--- Task item ---
Output must consist only of the lines of the material below from the one with "Beautiful Egyptian goose, duck, flew" through the one with "wig,Colored Wigs |", each reproduced exactly; no pictures belong in it.

--- Material for this task ---
★ ★ ★ ★

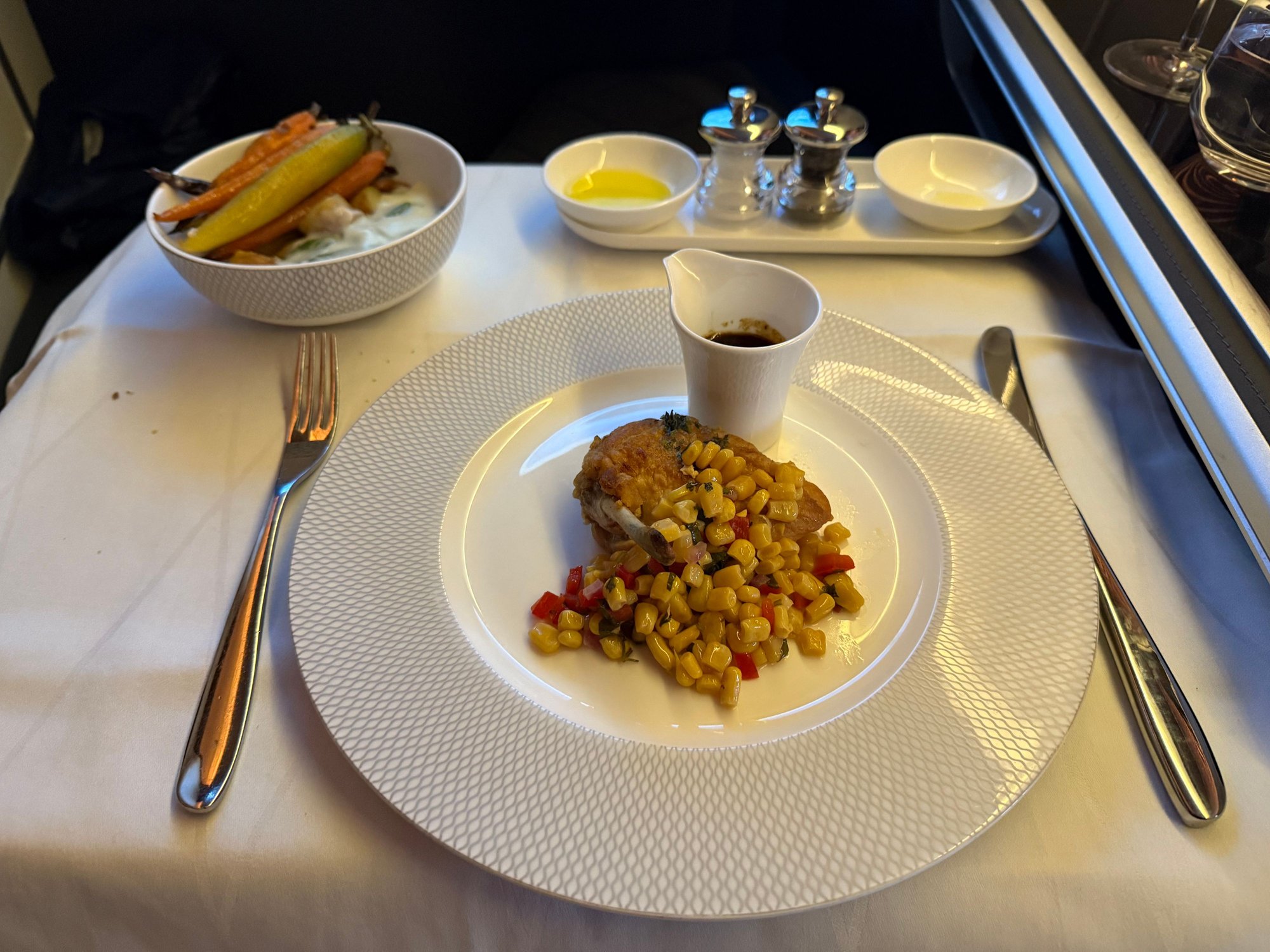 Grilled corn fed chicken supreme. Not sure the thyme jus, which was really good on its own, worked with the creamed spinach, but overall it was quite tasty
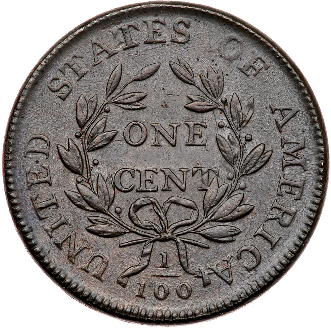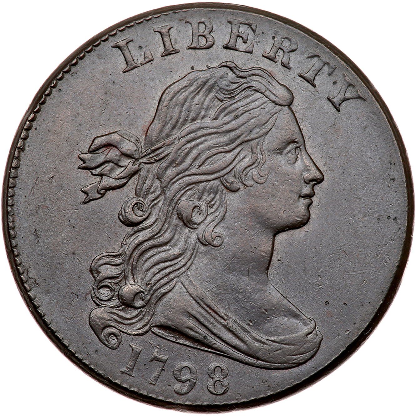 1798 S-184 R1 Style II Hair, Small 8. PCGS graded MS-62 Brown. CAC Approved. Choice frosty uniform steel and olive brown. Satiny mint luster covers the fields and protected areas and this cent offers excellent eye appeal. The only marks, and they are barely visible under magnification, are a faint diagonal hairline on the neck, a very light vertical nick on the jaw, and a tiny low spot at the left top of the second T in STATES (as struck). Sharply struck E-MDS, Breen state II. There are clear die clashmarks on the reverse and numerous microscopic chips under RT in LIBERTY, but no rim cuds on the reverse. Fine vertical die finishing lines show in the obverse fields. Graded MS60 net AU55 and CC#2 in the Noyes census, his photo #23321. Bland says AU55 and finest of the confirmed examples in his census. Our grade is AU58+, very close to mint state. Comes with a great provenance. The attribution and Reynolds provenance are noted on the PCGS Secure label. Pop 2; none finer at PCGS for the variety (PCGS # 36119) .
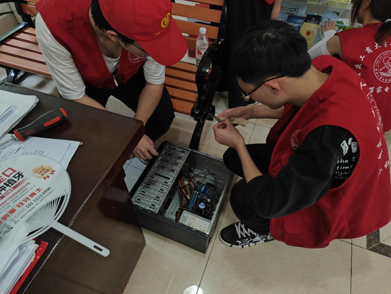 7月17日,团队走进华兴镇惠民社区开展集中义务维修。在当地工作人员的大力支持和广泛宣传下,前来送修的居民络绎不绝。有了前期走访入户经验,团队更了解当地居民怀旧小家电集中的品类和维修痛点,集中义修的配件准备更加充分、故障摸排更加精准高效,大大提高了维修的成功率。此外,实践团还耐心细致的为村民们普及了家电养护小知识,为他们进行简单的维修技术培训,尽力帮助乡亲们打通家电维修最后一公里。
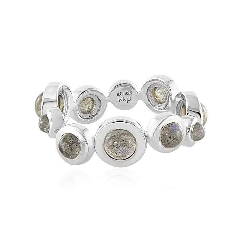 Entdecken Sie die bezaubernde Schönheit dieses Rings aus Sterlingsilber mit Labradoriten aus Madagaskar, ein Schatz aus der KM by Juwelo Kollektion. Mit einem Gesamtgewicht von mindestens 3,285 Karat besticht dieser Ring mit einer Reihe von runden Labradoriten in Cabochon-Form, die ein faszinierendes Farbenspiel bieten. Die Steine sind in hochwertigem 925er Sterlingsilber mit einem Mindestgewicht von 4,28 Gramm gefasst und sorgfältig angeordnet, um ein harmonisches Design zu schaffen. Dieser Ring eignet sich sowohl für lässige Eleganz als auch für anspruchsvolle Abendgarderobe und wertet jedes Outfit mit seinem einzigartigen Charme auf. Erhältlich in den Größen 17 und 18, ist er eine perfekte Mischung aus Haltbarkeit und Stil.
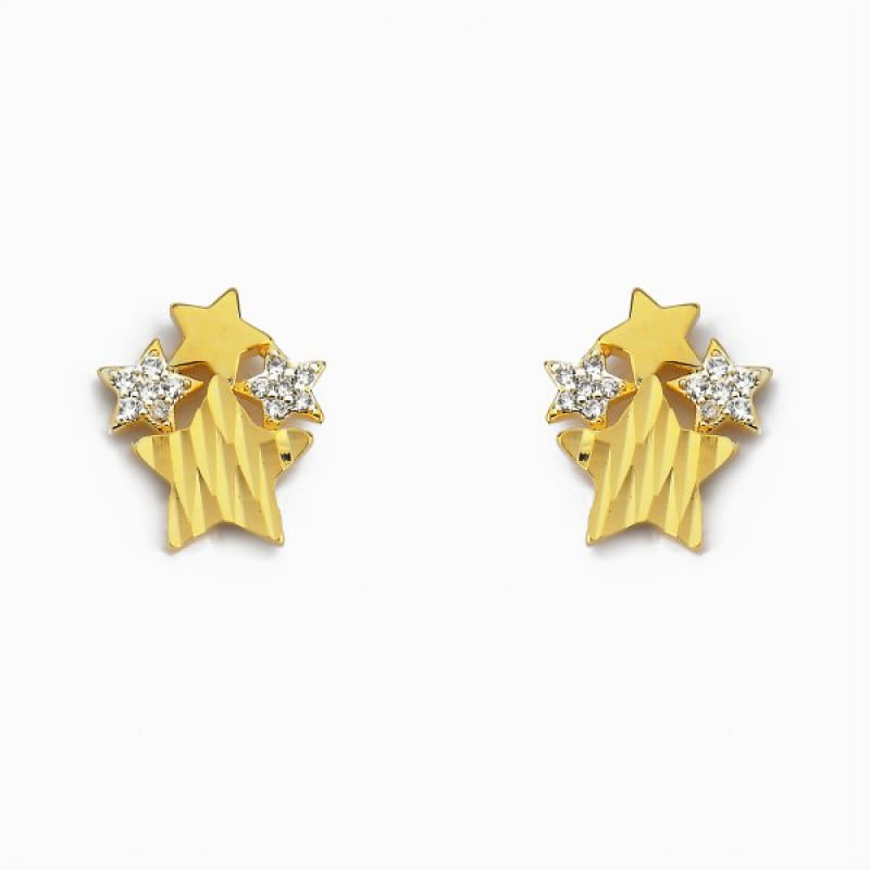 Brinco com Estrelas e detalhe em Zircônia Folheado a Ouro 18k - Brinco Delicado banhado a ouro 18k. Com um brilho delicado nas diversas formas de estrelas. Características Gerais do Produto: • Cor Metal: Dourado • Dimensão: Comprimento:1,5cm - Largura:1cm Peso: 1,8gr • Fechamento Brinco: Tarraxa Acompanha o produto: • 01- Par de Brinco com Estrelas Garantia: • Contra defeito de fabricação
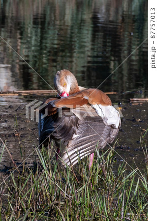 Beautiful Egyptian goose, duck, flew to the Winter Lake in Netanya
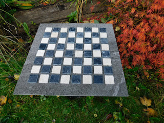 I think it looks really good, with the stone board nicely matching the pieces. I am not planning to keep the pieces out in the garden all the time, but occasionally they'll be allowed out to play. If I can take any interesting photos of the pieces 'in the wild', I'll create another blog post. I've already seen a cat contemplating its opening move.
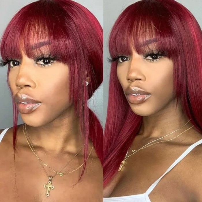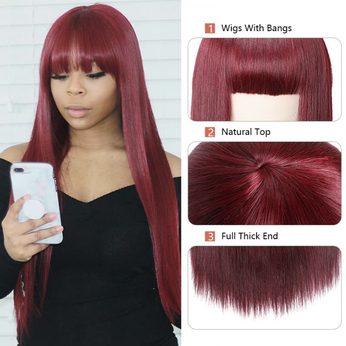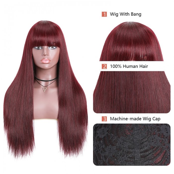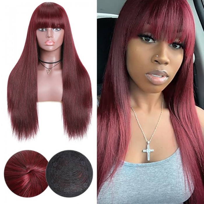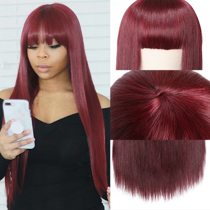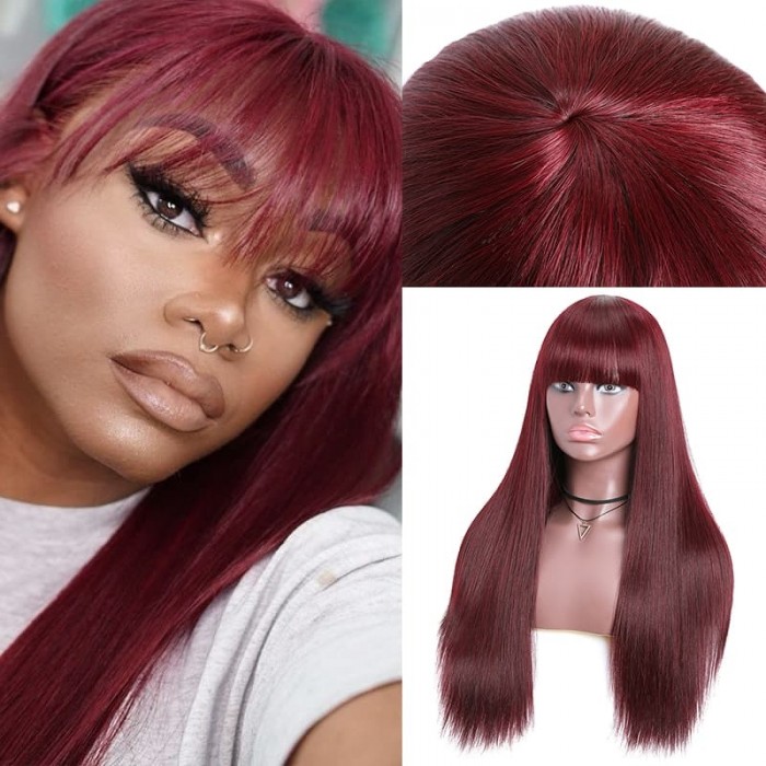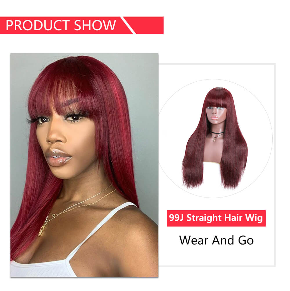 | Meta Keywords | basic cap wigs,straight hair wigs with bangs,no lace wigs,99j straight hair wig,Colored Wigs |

★ ★ ★ ★

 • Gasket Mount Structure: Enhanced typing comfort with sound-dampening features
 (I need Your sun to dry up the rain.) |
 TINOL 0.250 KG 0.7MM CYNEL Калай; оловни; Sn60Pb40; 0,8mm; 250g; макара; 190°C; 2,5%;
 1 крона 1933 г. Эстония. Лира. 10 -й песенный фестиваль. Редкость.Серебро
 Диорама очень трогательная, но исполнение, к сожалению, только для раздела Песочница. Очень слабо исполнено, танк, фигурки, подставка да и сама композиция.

★ ★ ★ ★

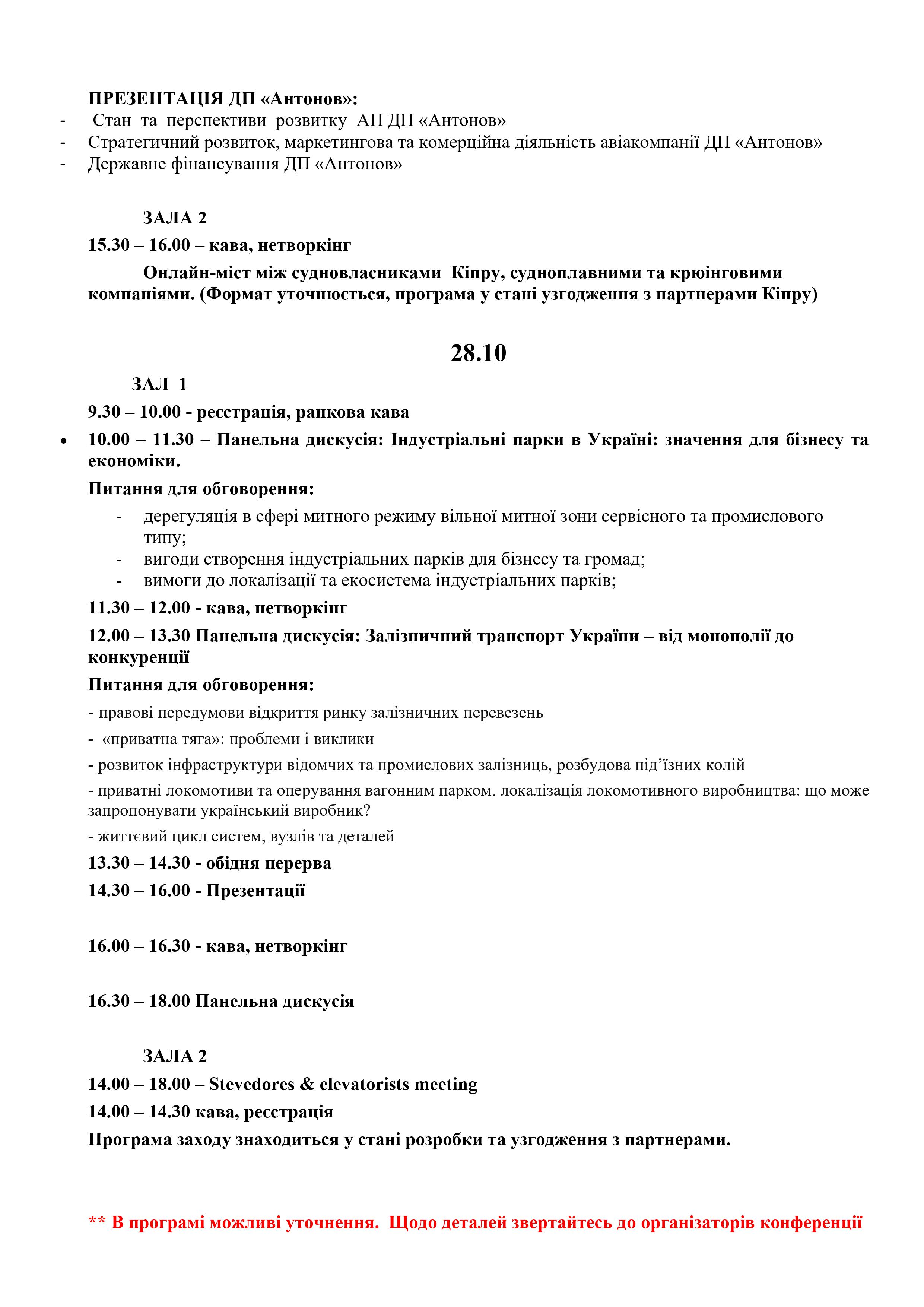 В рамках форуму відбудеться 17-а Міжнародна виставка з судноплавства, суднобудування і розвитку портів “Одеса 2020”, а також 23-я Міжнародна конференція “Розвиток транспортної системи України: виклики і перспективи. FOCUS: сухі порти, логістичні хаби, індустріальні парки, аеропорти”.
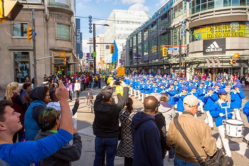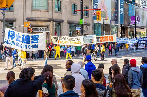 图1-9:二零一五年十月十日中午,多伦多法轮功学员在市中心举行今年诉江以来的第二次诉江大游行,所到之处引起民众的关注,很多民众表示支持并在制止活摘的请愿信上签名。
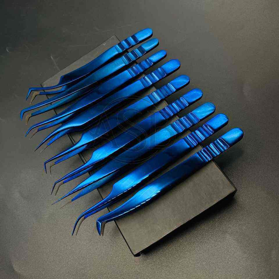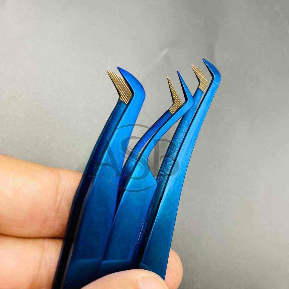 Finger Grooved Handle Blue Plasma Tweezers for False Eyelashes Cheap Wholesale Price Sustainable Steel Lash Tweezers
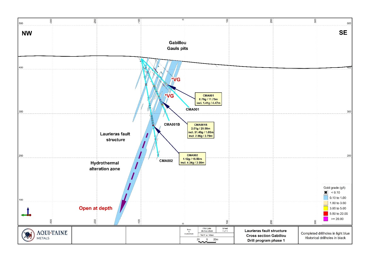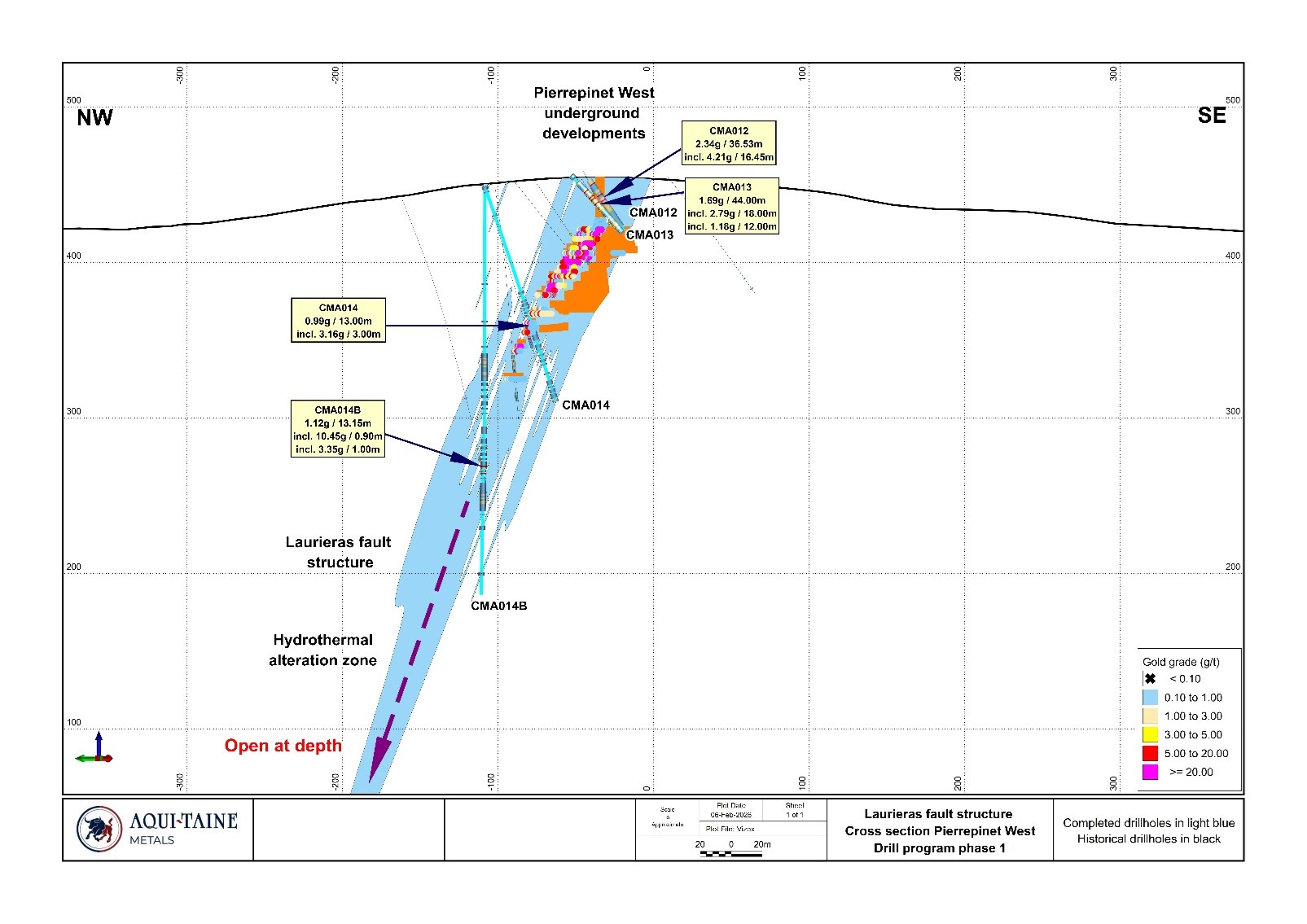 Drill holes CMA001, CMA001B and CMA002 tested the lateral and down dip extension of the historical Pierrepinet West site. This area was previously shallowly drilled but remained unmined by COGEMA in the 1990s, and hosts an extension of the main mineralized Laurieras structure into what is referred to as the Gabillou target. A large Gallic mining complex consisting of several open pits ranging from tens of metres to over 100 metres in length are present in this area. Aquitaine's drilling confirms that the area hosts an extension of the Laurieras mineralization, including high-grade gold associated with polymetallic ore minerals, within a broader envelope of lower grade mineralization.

★ ★ ★ ★

--- Problem solution ---
 Beautiful Egyptian goose, duck, flew to the Winter Lake in Netanya
 I think it looks really good, with the stone board nicely matching the pieces. I am not planning to keep the pieces out in the garden all the time, but occasionally they'll be allowed out to play. If I can take any interesting photos of the pieces 'in the wild', I'll create another blog post. I've already seen a cat contemplating its opening move.
 | Meta Keywords | basic cap wigs,straight hair wigs with bangs,no lace wigs,99j straight hair wig,Colored Wigs |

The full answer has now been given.